Keyifli Okumalar...
Güneş batmış, ortalık kararmaya başlamıştı. Ertuğrul adımlarını Sevda'nın adımlarını uydurarak yürürken yolun hiç bitmemesini istiyordu. Bu yol niye bu kadar kısaydı ki? Tek başına yürüyor olsaydı bu yol bitmek bilmezdi ama yanında Sevda olunca birkaç adım atınca eve varmış oluyorlardı.
Ertuğrul ellerini cebine sokmuş yürürken kaçamak bakışları sakince yürüyen Sevda'ya takılıp duruyordu. Sevda'da aynı kaçamak bakışlarla Ertuğrul'a bakıyordu.
"Bakkala annen mi bakıyor?" Ertuğrul aralarındaki sessizliği bölmek için aklına gelen herhangi bir şeyi sorduğunda Sevda bu sorusunu ilk önce başını sallayarak onayladı.
"Evet. Dışarı çıkmak istediğimde ya da kursa gideceğim sıralar da bakkalda annem olur."

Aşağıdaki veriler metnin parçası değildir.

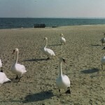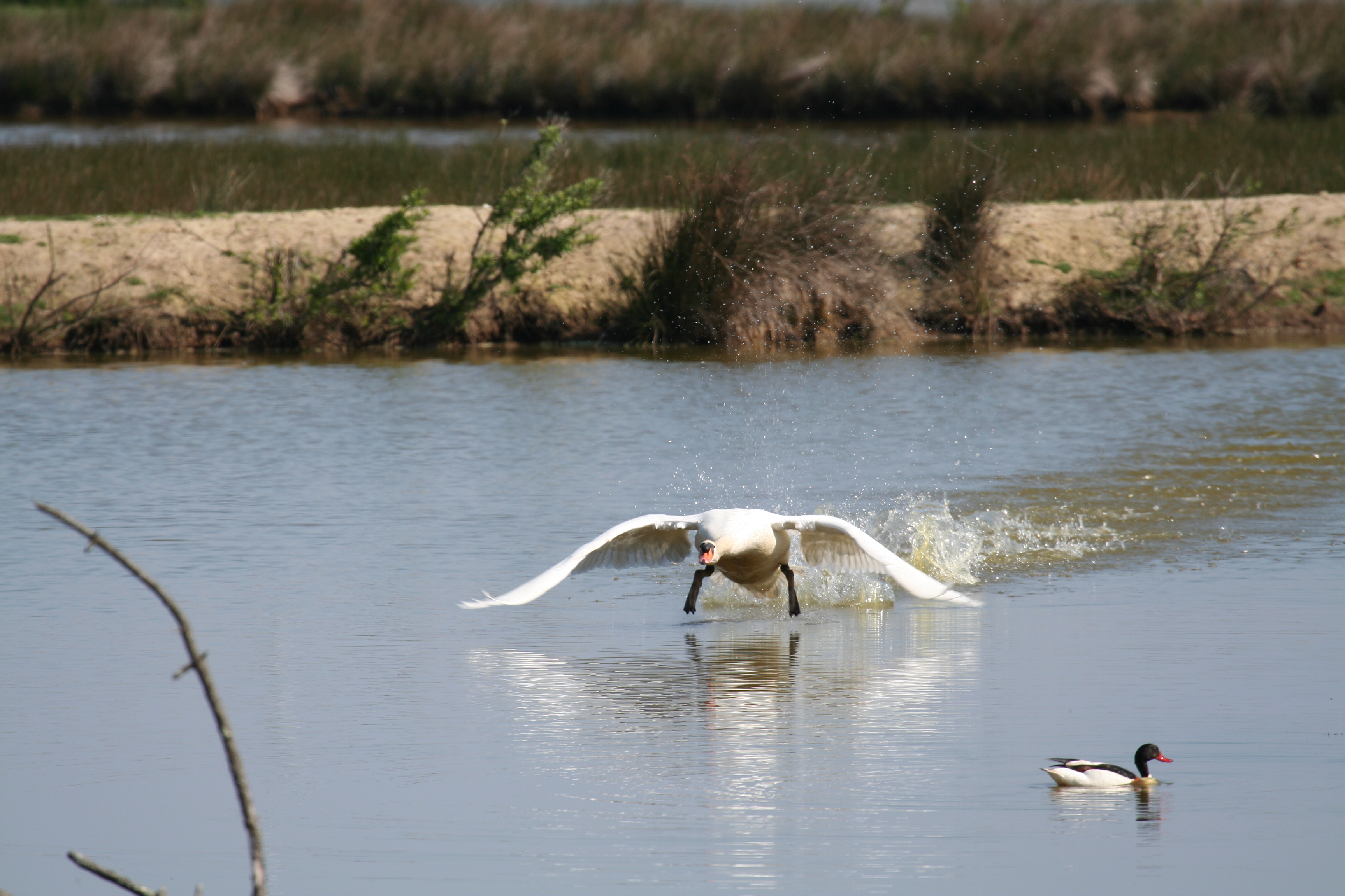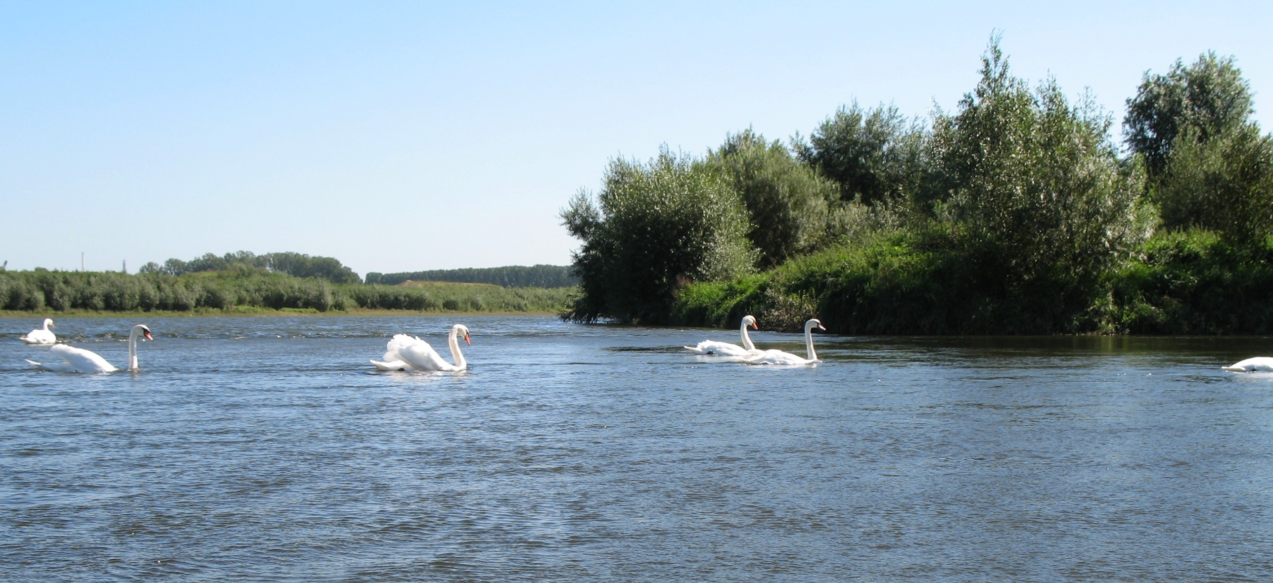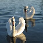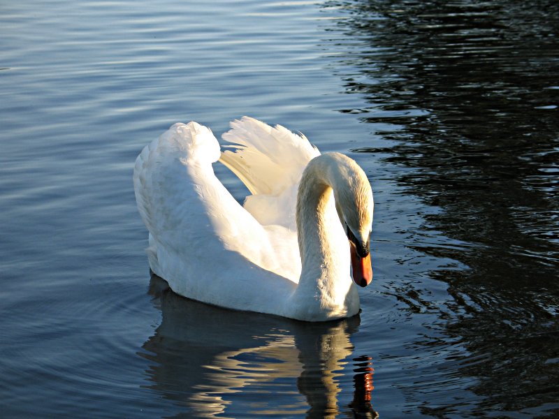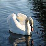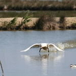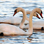 Grote witte vogel;Zwarte poten;Rode snavel;Zwemt met gebogen hals;

"Anladım. Peki ya baban? Onu hiç görmedim." Ertuğrul sorduğu sorunun Sevda'yı sessizleştirdiğini ve durgunlaştırdığını görünce yanlış bir soru sorduğunu hemen anladı.
Sevda, Ertuğrul'dan gelen bu soru üzerine sessizleşti. Konuşup, sorduğu sorunun cevabını vermek istese de boğazına kocaman bir yumru oturmuş konuşmasını engelliyordu. Birkaç yutkunduktan sonra derin bir nefes aldı.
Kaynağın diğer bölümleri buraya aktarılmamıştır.